Coding ARIMA in Python
Let’s take an example to clarify all of this. We will generate a synthetic time series, calculate the three parameters, apply the ARIMA model and forecast the future values. Use the following code:
import pandas as pd
import numpy as np
import matplotlib.pyplot as plt
from statsmodels.graphics.tsaplots import plot_acf, plot_pacf
from statsmodels.tsa.arima.model import ARIMA
from statsmodels.tsa.stattools import adfuller
# Generate synthetic data
date_range = pd.date_range(start="2020-01-01", periods=365, freq="D")
data = pd.DataFrame({
"date": date_range,
"value": np.sin(np.arange(len(date_range)) * 2 * np.pi / 30) + np.random.normal(0, 0.1, size=len(date_range))
})
data.set_index("date", inplace=True)
# Plot the data
plt.figure(figsize=(10, 6))
plt.plot(data, color = 'black')
plt.title("Synthetic Time Series Data")
plt.legend()
plt.show()
plt.grid()
Next, check for the stationarity of the above data. If the p-value is greater than 0.05, then it is not stationary. Afterwards, difference the data, to make it stationary and plot the new graph:
# Check for stationarity using the Augmented Dickey-Fuller test
result = adfuller(data['value'])
print('ADF Statistic:', result[0])
print('p-value:', result[1])
print('Critical Values:', result[4])
# If non-stationary, difference the data
data_diff = data['value'].diff().dropna()
# Plot differenced data
plt.figure(figsize=(10, 6))
plt.plot(data_diff, color = 'black')
plt.title("Differenced Time Series Data")
plt.legend()
plt.show()
plt.grid()
Plot the ACF and PACD graphs:
# Plot ACF and PACF to identify p and q
fig, axes = plt.subplots(1, 2, figsize=(15, 6))
plot_acf(data_diff, ax=axes[0])
plot_pacf(data_diff, ax=axes[1])
plt.show()
Fit and predict using ARIMA:
# Define the ARIMA model with identified parameters (example: p=1, d=1, q=1)
model = ARIMA(data['value'], order=(1, 1, 1))
model_fit = model.fit()
# Print model summary
print(model_fit.summary())
# Forecast
forecast = model_fit.forecast(steps=30)
forecast_index = pd.date_range(start=data.index[-1] + pd.Timedelta(days=1), periods=30, freq="D")
# Plot the forecast
plt.figure(figsize=(10, 6))
plt.plot(data['value'], color = 'black', label='Original Data')

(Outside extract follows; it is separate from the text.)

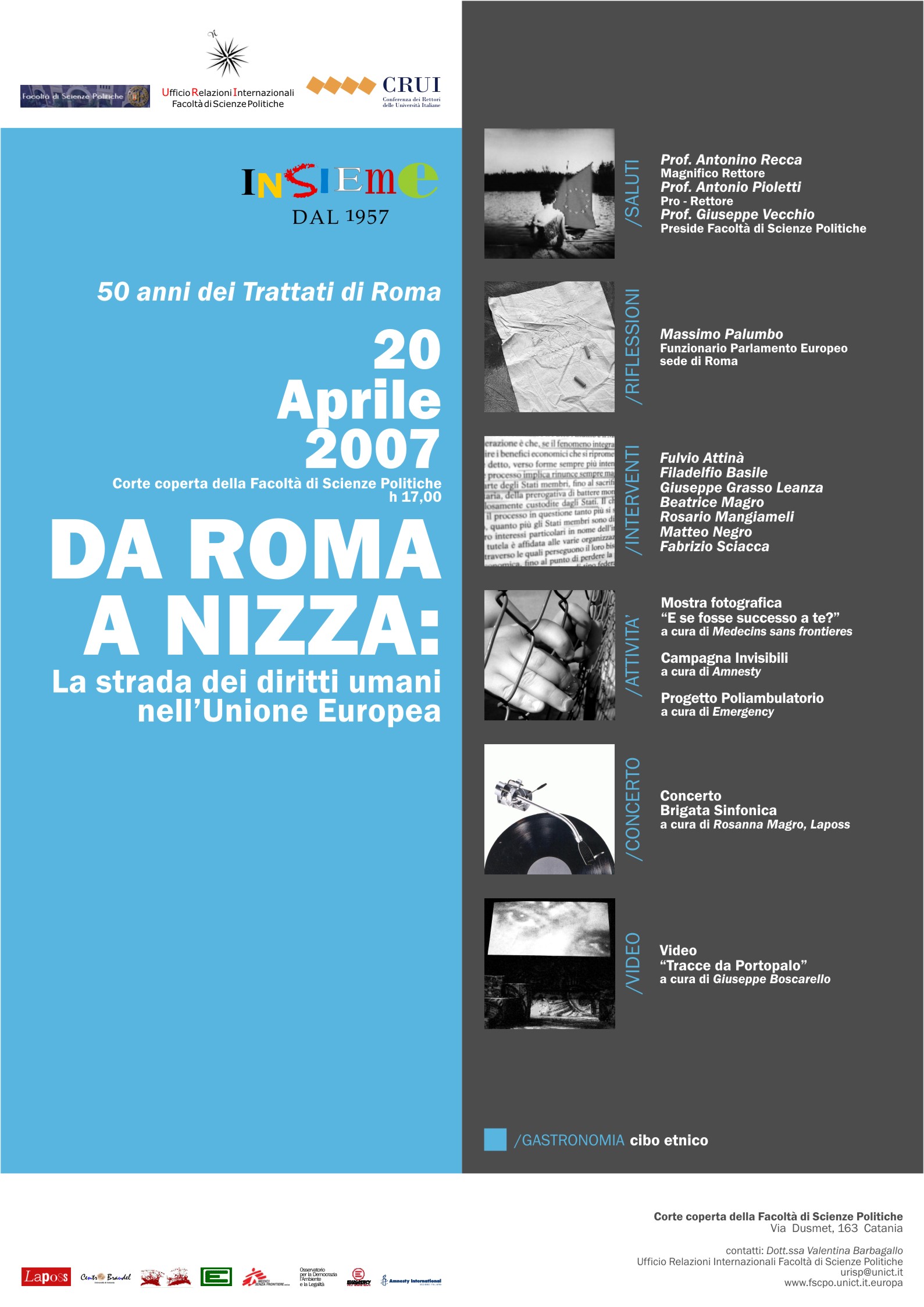 Il cinquantesimo compleano del Trattato di Roma che, il 25 Marzo del 1957, ha istituito la Comunità Economica Europea rappresenta per tutti i cittadini dell’attuale Unione un evento che ha molti motivi per essere festeggiato. Inizia infatti in quella data un processo di sviluppo di un’unione economica e politica che ha determinato la trasformazione di gran parte dell’Europa da campo di guerra tra stati in zona di pace, democrazia, stabilità e prosperità. La manifestazione ha un significato particolare perchè è stata immaginata come momento di riflessione su questo tema sul quale la nostra città, e in particolare la nostra Facoltà che è ospitata nel quartiere della Civita, non può non interrogarsi. La formula che è stata scelta è quella della festa aperta alla città e si articola in vari momenti di comunicazione artistica, musicale e gastronomica. La manifestazione si aprirà alle ore 17.00 con un incontro di riflessione collettiva al quale parteciperà il dottore Palumbo, dell’ufficio di rappresentanza dell’Unione Europea in Italia e che sarà animato da docenti dell’Ateneo. Nella sede della manifestazione saranno allestite mostre fotografiche curate da Medicins sans Frontieres e da Amnesty, banchetti informativi sul tema della tutela del diritto alla salute dei migranti a cura di Emergency, e un video sulla tragedia di Portopalo a cura di Giuseppe Boscarello. La manifestazione proseguirà poi con un concerto della “Brigata Sinfonica” che unirà musiche etniche a classici della musica europea e un banchetto con cibo etnico. La formula della Festa è stata scelta per incentivare la partecipazione del più alto numero di persone possibile al fine di diffondere non solo la consapevolezza di ciò che l’Unione europea ha fatto per noi tutti che siamo nati sul suo territorio, ma anche di quello che dovrà fare per diffondere nel mondo il principio della inviolabilità dei diritti umani e della importanza della loro tutela, cominciando a lavorare al suo interno.

plt.plot(forecast_index, forecast, label='Forecast', color='red')
plt.title("ARIMA Forecast")
plt.legend()
plt.show()
plt.grid()
Obviously, ARIMA (1, 1, 1) comes from the fact that we differenced the data once, and the ACF/PCF cut off sharply at 1.
Throughout this article, we explored the theoretical foundations of ARIMA, delving into its autoregressive, differencing, and moving average components. We also demonstrated how to implement ARIMA models in Python using the statsmodels library, providing a practical, step-by-step guide to building and interpreting these models.